The event featured a reading of the Constitution’s Bill of Rights, patriotic songs and recognition of veterans present as well as those related to students and faculty at the school.

Veteran and IHS teacher Joshua Holt was the event’s guest speaker.

Holt served in the U.S. Marines. He joined after graduating early from Chilton County High School.

“For me, it all started when I was in eighth grade,” Holt said. “I witnessed the attacks on 9/11 … When the U.S. invaded Iraq in 2003, I decided then and there that I wanted to serve this great country and protect its freedom that we all hold so dear.”

He had thought about the U.S. Air Force, but a veteran who had fought in the Battle of Fallujah convinced him to join the Marines.

“He was a battle-hardened Marine who talked about close quarter combat, the extraordinary capabilities of the Marine Corps and the fighting spirit of the Marines,” Holt said. “That was all it took. My mind was made up.”

The day after he finished 11th grade, he enlisted through a delayed entry program. He said his principal worked with him to make it possible for him to graduate a semester early.

After completing basic training at Parris Island, he was assigned to Camp Pendleton.

He was deployed to the Western Pacific in 2007. During this time, he was a part of joint training with military from other countries.

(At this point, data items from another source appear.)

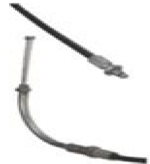
SC STYLE SHIFT CABLES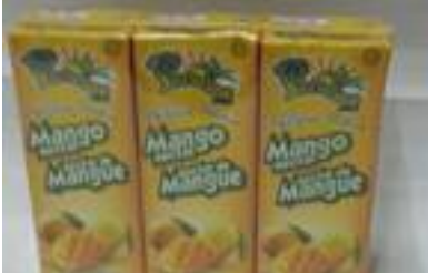
Paadise Mango Juice 3 x 325 mL - $1.99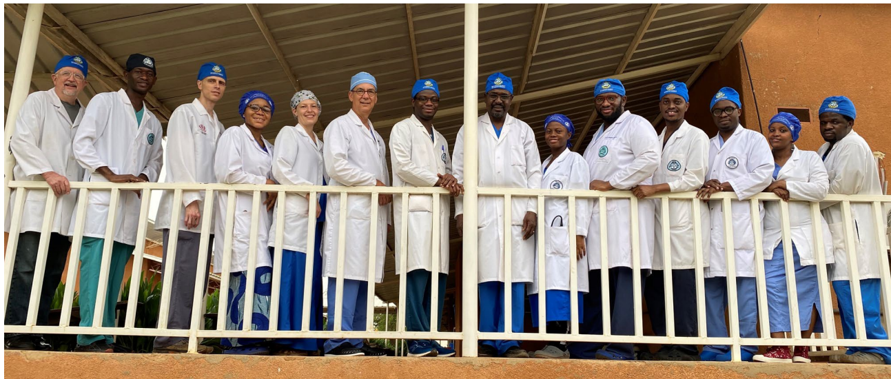
The PAACS-Galmi Team with visitors

time. All hands were on deck as patients were resuscitated, lacerations repairs and washouts of complex extremity wounds were carried out.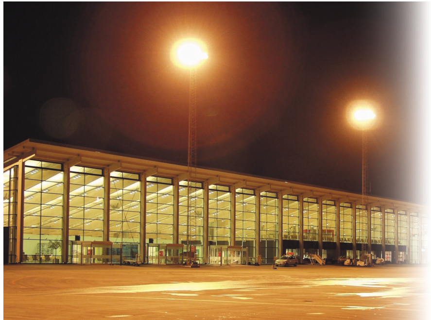
The new light open glass front towards the airside welcomes the arriving passengers to Aalborg Airport.

Picture to the left: A view of the ceiling sheets before entering into the arrival lounge.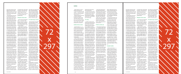
Series in editorial text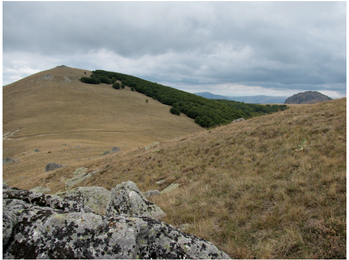
Fig. 3. At 1750–1800 m the upper limit of the Fagus woodland with its sharp margin is clearly a result of the upper part of the woodland having been cut and the area subsequently subjected to grazing, resulting in montane grassland. On the granite outcrop in the foreground a community mainly of Umbilicaria cylindrica and U. polyphylla is present. Mt Vitsi (loc. 3).

*** Parmelia serrana A. Crespo & al. – On N and E sides of boulders and outcrops of gneiss and granite. (1) 14785; (4) 14846; (5) 14755. – Parmelia ernstiae , P. saxatilis and P. serrana are rather similar species. They share a number of characters, which they express to different degrees; they are therefore distinguished by a combination of characters, most of which are not exclusive to any of the species (Thell & al. 2011). Specimens with rather broad and overlapping marginal lobes, branched as well as simple rhizinae, marginal isidia in addition to laminal isidia (the latter mainly on ridges in peripheral parts but may also cover large patches of the central part of the thallus), no or occasionally little pruina, upper surface ± foveolate and no lobules or rarely with lobules developed from isidia in the older part of the thallus are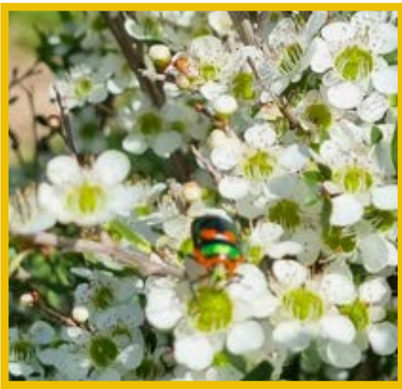
Jewel Beetle Buprestidae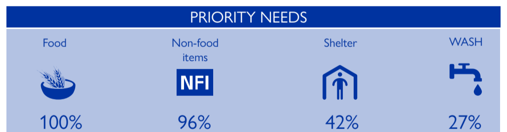
Fig. 2: Most needed assistance [Multiple response]

The maps are for illustration purposes only. The boundaries and names shown and the designations used on this map do not imply official endorsement or acceptance by International Organization for Migration.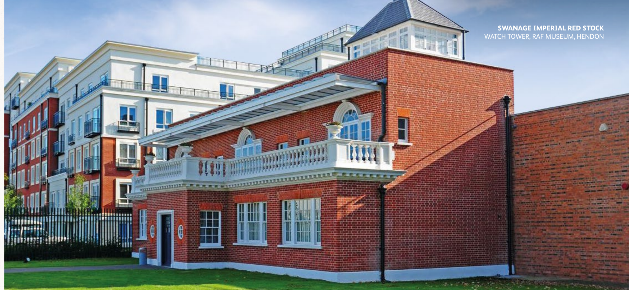
SWANAGE IMPERIAL RED STOCK WATCH TOWER, RAF MUSEUM, HENDON

He was also involved in training other Marines when he returned to the states.

“I and my fellow Marines, often feel that are service was slightly insignificant,” Holt said. “We all did exactly what was asked of us for our country, but we all feel a bit of guilt because that we know so many of our brothers and sisters sacrificed so much more.”

He now teaches history at Isabella High School.

He reminded students that no matter a veteran’s background they have the qualities that make the United States military great.

“They did not go to war because they love fighting,” Holt said. “They chose to fight because of their love for our country. They were ordinary people who responded in extraordinary ways in difficult times. They answered the nation’s call because they wanted to protect the nation that had given them, and us so much.”

He recounted how Veterans Day is an expansion of Armistice Day, which was initially established to celebrate the ending on World War I and its veterans. The observance was expanded to include veterans of other wars at the request of veterans groups.